> [SOURCE DATA]:
+++

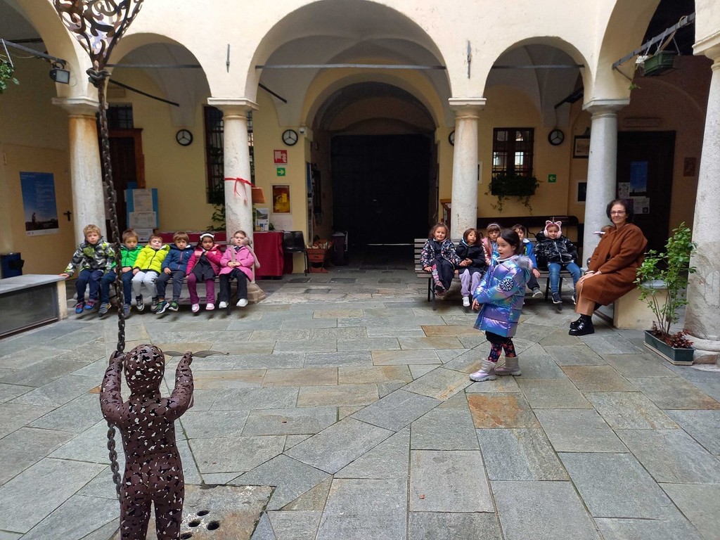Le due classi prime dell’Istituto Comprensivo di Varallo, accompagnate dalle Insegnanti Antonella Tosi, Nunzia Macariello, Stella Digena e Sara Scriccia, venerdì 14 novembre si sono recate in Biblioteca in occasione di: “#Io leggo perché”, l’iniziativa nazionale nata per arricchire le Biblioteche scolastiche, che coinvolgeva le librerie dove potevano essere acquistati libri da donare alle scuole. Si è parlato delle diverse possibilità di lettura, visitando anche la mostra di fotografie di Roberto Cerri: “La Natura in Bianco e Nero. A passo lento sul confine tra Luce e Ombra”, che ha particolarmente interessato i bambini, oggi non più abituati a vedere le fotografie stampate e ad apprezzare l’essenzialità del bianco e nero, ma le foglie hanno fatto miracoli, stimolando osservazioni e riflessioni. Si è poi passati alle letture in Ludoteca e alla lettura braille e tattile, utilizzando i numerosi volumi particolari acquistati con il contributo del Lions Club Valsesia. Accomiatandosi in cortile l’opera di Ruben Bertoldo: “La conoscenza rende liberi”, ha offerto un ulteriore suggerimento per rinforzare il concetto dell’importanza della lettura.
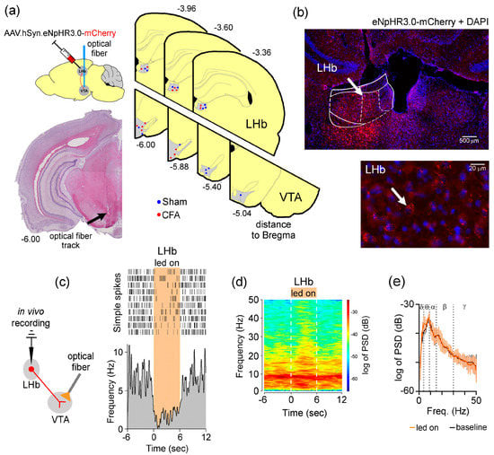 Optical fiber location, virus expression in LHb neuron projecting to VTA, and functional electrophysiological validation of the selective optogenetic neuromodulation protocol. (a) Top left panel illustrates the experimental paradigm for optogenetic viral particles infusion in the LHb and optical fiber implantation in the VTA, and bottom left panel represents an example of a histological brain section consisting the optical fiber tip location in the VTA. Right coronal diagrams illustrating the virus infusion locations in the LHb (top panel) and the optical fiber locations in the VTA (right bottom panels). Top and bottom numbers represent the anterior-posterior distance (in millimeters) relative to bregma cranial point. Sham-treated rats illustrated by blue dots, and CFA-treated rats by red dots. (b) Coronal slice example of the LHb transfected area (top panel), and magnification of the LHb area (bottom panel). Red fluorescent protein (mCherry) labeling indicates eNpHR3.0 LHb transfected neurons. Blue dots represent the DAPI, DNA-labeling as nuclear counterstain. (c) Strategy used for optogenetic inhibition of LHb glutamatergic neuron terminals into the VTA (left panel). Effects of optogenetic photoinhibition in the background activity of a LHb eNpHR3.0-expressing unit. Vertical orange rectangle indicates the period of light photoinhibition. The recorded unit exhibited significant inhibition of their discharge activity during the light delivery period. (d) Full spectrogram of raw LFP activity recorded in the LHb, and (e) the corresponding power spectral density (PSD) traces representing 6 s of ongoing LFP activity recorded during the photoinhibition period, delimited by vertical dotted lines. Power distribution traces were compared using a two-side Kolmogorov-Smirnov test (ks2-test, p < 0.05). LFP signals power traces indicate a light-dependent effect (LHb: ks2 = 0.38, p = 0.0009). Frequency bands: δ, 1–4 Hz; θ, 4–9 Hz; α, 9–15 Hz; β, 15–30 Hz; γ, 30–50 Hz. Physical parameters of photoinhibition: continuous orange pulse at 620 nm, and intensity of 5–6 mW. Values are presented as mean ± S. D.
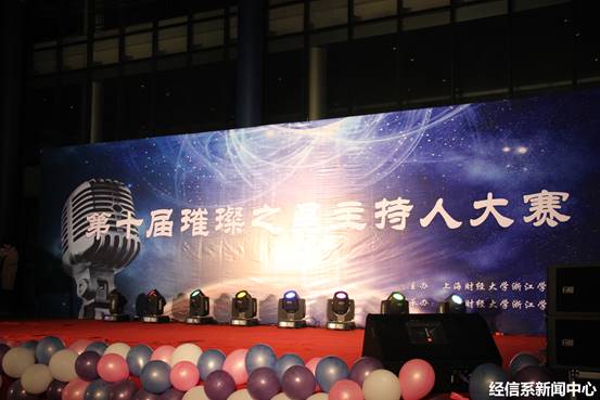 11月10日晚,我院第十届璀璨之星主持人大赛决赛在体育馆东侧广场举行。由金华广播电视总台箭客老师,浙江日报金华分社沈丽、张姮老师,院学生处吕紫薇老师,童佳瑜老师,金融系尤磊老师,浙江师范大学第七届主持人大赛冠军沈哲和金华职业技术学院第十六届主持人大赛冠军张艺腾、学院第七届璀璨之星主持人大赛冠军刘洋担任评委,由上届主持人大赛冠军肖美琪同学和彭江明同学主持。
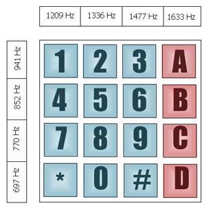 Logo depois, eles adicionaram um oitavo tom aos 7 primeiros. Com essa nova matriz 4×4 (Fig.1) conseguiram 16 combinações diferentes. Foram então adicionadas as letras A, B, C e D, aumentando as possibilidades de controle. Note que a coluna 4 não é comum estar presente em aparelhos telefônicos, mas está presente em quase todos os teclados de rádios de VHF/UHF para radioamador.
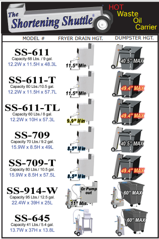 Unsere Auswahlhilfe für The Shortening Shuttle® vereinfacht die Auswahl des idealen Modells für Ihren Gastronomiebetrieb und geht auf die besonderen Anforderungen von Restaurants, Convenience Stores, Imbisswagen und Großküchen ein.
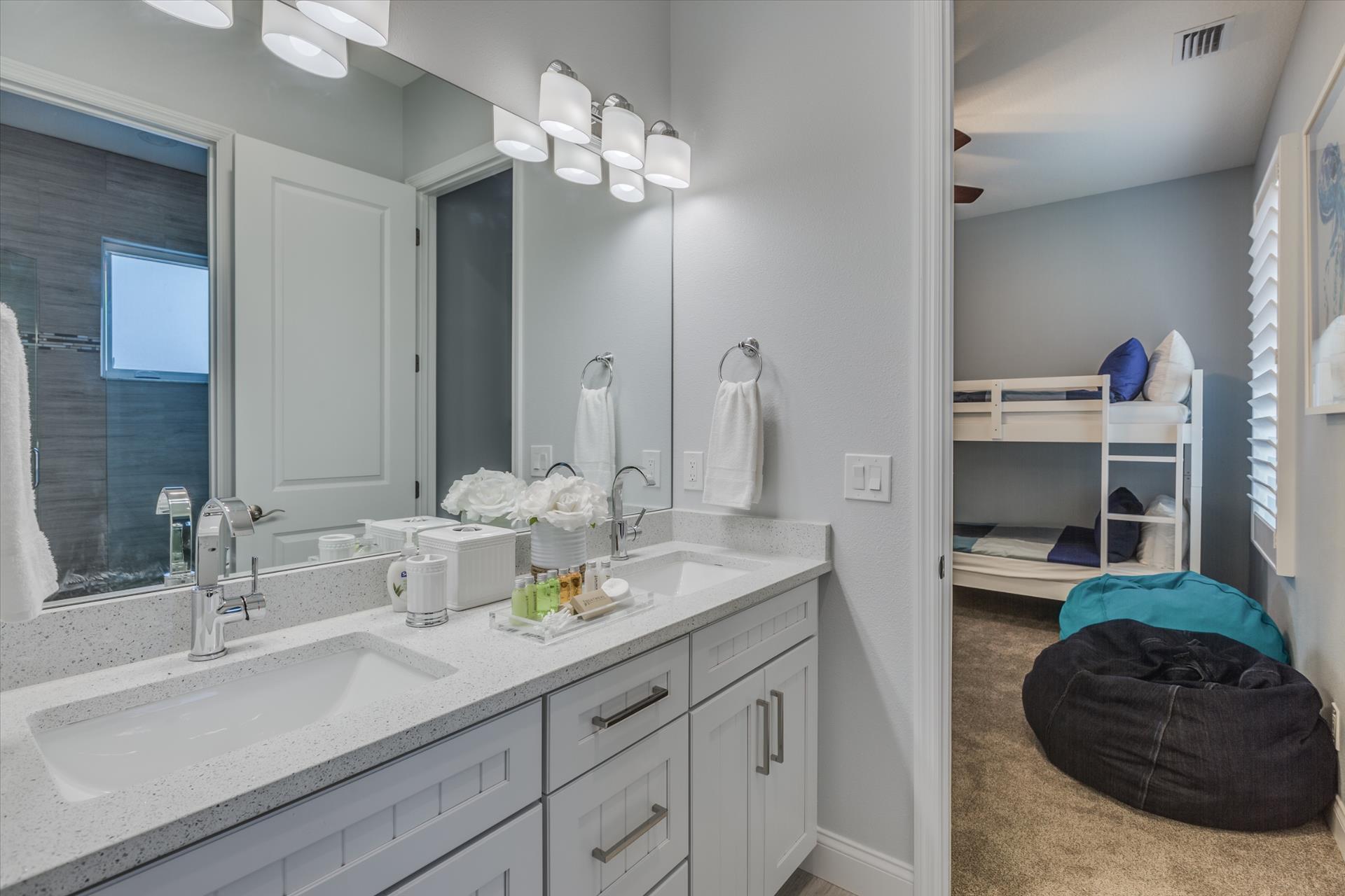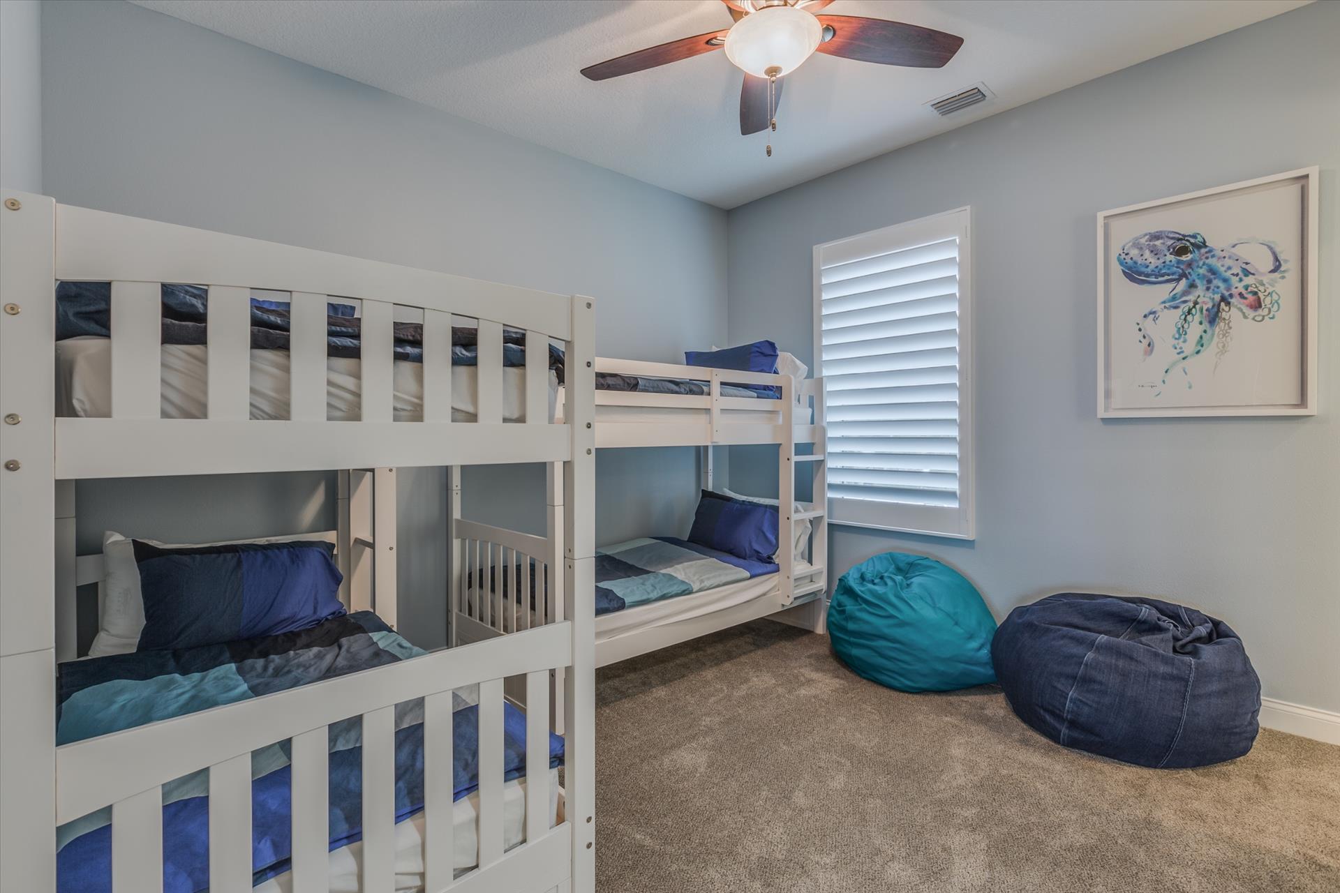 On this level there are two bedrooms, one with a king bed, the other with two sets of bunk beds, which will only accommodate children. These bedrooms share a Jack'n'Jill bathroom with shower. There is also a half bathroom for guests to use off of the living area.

+++

> [WHAT YOU HAVE TO DO]:
Type out all the records verbatim, minus images.

> [THE ANSWER]:
Le due classi prime dell’Istituto Comprensivo di Varallo, accompagnate dalle Insegnanti Antonella Tosi, Nunzia Macariello, Stella Digena e Sara Scriccia, venerdì 14 novembre si sono recate in Biblioteca in occasione di: “#Io leggo perché”, l’iniziativa nazionale nata per arricchire le Biblioteche scolastiche, che coinvolgeva le librerie dove potevano essere acquistati libri da donare alle scuole. Si è parlato delle diverse possibilità di lettura, visitando anche la mostra di fotografie di Roberto Cerri: “La Natura in Bianco e Nero. A passo lento sul confine tra Luce e Ombra”, che ha particolarmente interessato i bambini, oggi non più abituati a vedere le fotografie stampate e ad apprezzare l’essenzialità del bianco e nero, ma le foglie hanno fatto miracoli, stimolando osservazioni e riflessioni. Si è poi passati alle letture in Ludoteca e alla lettura braille e tattile, utilizzando i numerosi volumi particolari acquistati con il contributo del Lions Club Valsesia. Accomiatandosi in cortile l’opera di Ruben Bertoldo: “La conoscenza rende liberi”, ha offerto un ulteriore suggerimento per rinforzare il concetto dell’importanza della lettura.
 Optical fiber location, virus expression in LHb neuron projecting to VTA, and functional electrophysiological validation of the selective optogenetic neuromodulation protocol. (a) Top left panel illustrates the experimental paradigm for optogenetic viral particles infusion in the LHb and optical fiber implantation in the VTA, and bottom left panel represents an example of a histological brain section consisting the optical fiber tip location in the VTA. Right coronal diagrams illustrating the virus infusion locations in the LHb (top panel) and the optical fiber locations in the VTA (right bottom panels). Top and bottom numbers represent the anterior-posterior distance (in millimeters) relative to bregma cranial point. Sham-treated rats illustrated by blue dots, and CFA-treated rats by red dots. (b) Coronal slice example of the LHb transfected area (top panel), and magnification of the LHb area (bottom panel). Red fluorescent protein (mCherry) labeling indicates eNpHR3.0 LHb transfected neurons. Blue dots represent the DAPI, DNA-labeling as nuclear counterstain. (c) Strategy used for optogenetic inhibition of LHb glutamatergic neuron terminals into the VTA (left panel). Effects of optogenetic photoinhibition in the background activity of a LHb eNpHR3.0-expressing unit. Vertical orange rectangle indicates the period of light photoinhibition. The recorded unit exhibited significant inhibition of their discharge activity during the light delivery period. (d) Full spectrogram of raw LFP activity recorded in the LHb, and (e) the corresponding power spectral density (PSD) traces representing 6 s of ongoing LFP activity recorded during the photoinhibition period, delimited by vertical dotted lines. Power distribution traces were compared using a two-side Kolmogorov-Smirnov test (ks2-test, p < 0.05). LFP signals power traces indicate a light-dependent effect (LHb: ks2 = 0.38, p = 0.0009). Frequency bands: δ, 1–4 Hz; θ, 4–9 Hz; α, 9–15 Hz; β, 15–30 Hz; γ, 30–50 Hz. Physical parameters of photoinhibition: continuous orange pulse at 620 nm, and intensity of 5–6 mW. Values are presented as mean ± S. D.
 11月10日晚,我院第十届璀璨之星主持人大赛决赛在体育馆东侧广场举行。由金华广播电视总台箭客老师,浙江日报金华分社沈丽、张姮老师,院学生处吕紫薇老师,童佳瑜老师,金融系尤磊老师,浙江师范大学第七届主持人大赛冠军沈哲和金华职业技术学院第十六届主持人大赛冠军张艺腾、学院第七届璀璨之星主持人大赛冠军刘洋担任评委,由上届主持人大赛冠军肖美琪同学和彭江明同学主持。
 Logo depois, eles adicionaram um oitavo tom aos 7 primeiros. Com essa nova matriz 4×4 (Fig.1) conseguiram 16 combinações diferentes. Foram então adicionadas as letras A, B, C e D, aumentando as possibilidades de controle. Note que a coluna 4 não é comum estar presente em aparelhos telefônicos, mas está presente em quase todos os teclados de rádios de VHF/UHF para radioamador.
 Unsere Auswahlhilfe für The Shortening Shuttle® vereinfacht die Auswahl des idealen Modells für Ihren Gastronomiebetrieb und geht auf die besonderen Anforderungen von Restaurants, Convenience Stores, Imbisswagen und Großküchen ein.
 On this level there are two bedrooms, one with a king bed, the other with two sets of bunk beds, which will only accommodate children. These bedrooms share a Jack'n'Jill bathroom with shower. There is also a half bathroom for guests to use off of the living area.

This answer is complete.